§ Materials provided
BEGIN

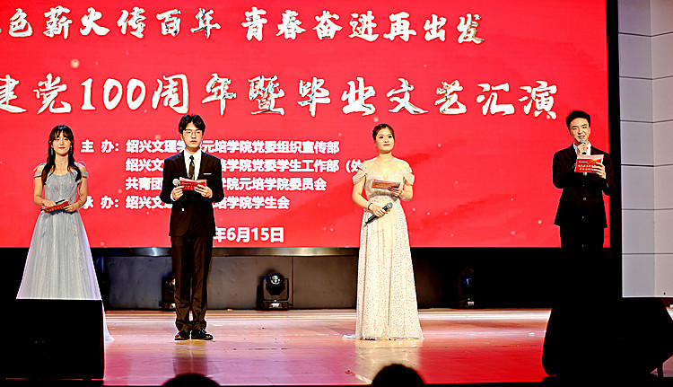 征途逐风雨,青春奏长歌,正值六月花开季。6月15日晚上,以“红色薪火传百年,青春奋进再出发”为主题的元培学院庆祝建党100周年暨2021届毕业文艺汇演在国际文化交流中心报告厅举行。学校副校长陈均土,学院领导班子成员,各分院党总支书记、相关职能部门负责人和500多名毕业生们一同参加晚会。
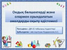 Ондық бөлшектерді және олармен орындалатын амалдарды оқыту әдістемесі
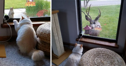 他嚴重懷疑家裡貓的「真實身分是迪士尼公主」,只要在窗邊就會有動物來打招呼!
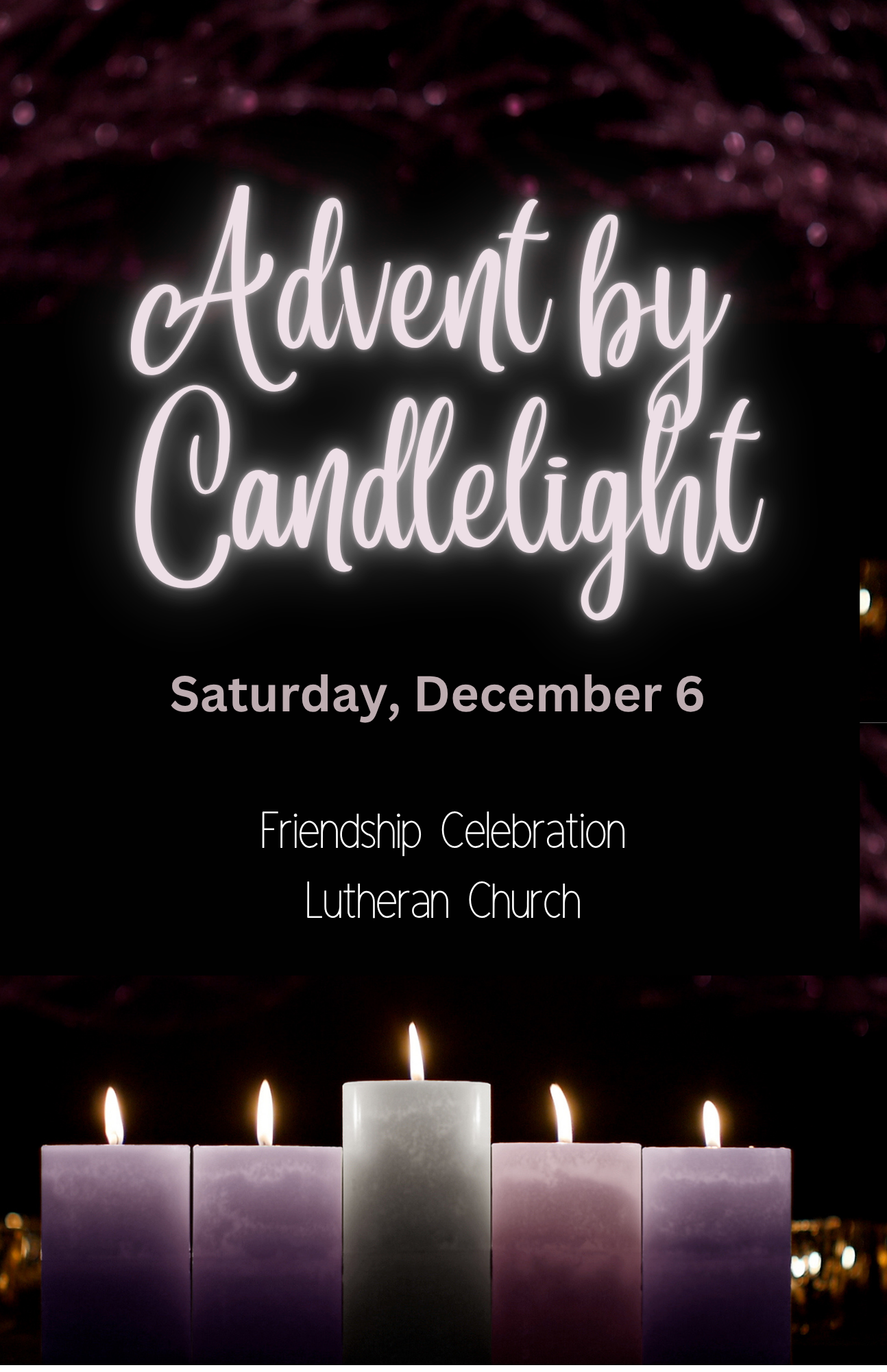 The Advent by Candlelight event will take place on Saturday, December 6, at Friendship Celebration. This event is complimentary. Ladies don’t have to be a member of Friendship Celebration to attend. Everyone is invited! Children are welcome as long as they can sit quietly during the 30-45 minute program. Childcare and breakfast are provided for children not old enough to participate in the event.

END
BEGIN

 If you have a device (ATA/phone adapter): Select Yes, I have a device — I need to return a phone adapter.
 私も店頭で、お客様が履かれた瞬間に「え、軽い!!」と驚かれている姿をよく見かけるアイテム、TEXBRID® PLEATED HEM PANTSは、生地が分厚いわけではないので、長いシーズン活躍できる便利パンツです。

END
BEGIN

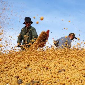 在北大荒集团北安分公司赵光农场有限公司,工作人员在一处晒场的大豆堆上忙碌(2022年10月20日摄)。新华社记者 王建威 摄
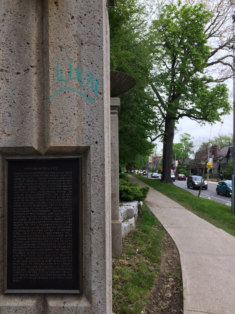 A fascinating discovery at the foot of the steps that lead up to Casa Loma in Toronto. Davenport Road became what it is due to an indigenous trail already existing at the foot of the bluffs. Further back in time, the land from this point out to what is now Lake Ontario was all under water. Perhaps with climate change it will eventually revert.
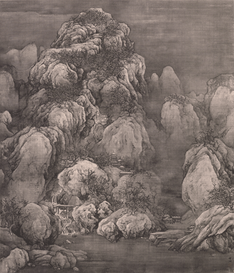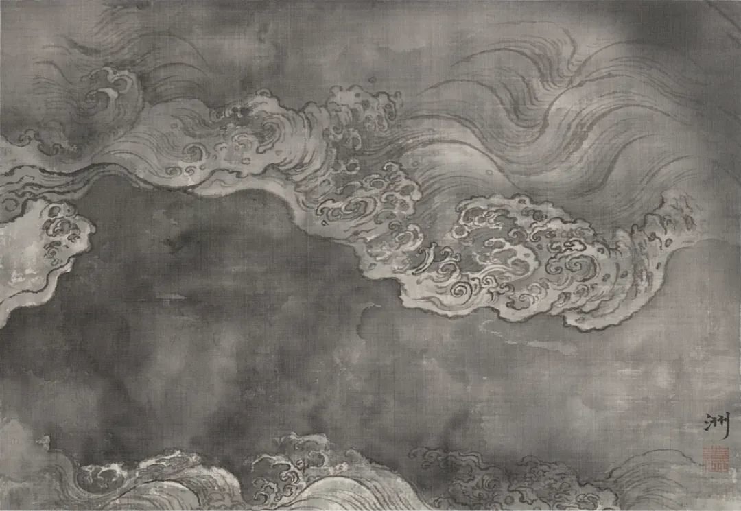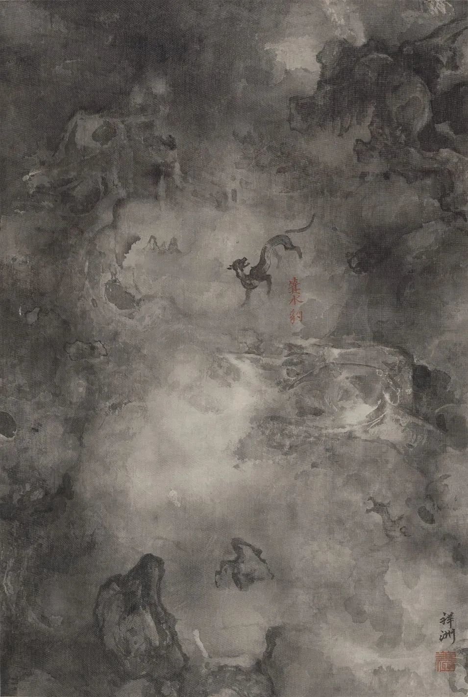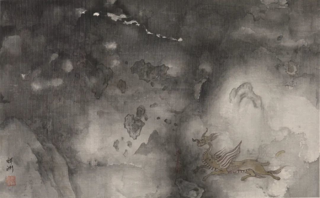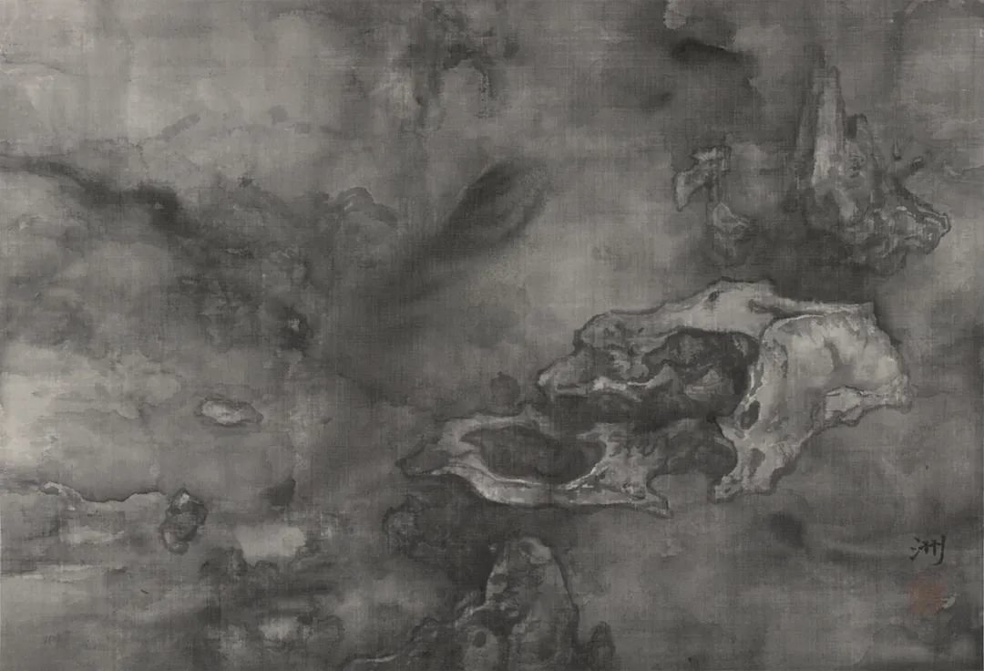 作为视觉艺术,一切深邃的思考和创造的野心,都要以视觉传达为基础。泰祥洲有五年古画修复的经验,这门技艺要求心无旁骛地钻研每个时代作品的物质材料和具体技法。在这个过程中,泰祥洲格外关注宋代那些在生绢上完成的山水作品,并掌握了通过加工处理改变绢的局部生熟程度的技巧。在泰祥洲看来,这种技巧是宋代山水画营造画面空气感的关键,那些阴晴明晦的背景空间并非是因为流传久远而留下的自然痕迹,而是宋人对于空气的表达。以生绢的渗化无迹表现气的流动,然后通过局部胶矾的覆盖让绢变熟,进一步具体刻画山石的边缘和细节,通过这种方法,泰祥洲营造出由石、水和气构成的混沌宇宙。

END

§ What you are asked to do
The stretch to restate runs from the line above containing "征途逐风雨,青春奏长歌,正值" through the line containing "The Advent by". Copy it word for word, ends included, without pictures.

§ Exercise answer
 征途逐风雨,青春奏长歌,正值六月花开季。6月15日晚上,以“红色薪火传百年,青春奋进再出发”为主题的元培学院庆祝建党100周年暨2021届毕业文艺汇演在国际文化交流中心报告厅举行。学校副校长陈均土,学院领导班子成员,各分院党总支书记、相关职能部门负责人和500多名毕业生们一同参加晚会。
 Ондық бөлшектерді және олармен орындалатын амалдарды оқыту әдістемесі
 他嚴重懷疑家裡貓的「真實身分是迪士尼公主」,只要在窗邊就會有動物來打招呼!
 The Advent by Candlelight event will take place on Saturday, December 6, at Friendship Celebration. This event is complimentary. Ladies don’t have to be a member of Friendship Celebration to attend. Everyone is invited! Children are welcome as long as they can sit quietly during the 30-45 minute program. Childcare and breakfast are provided for children not old enough to participate in the event.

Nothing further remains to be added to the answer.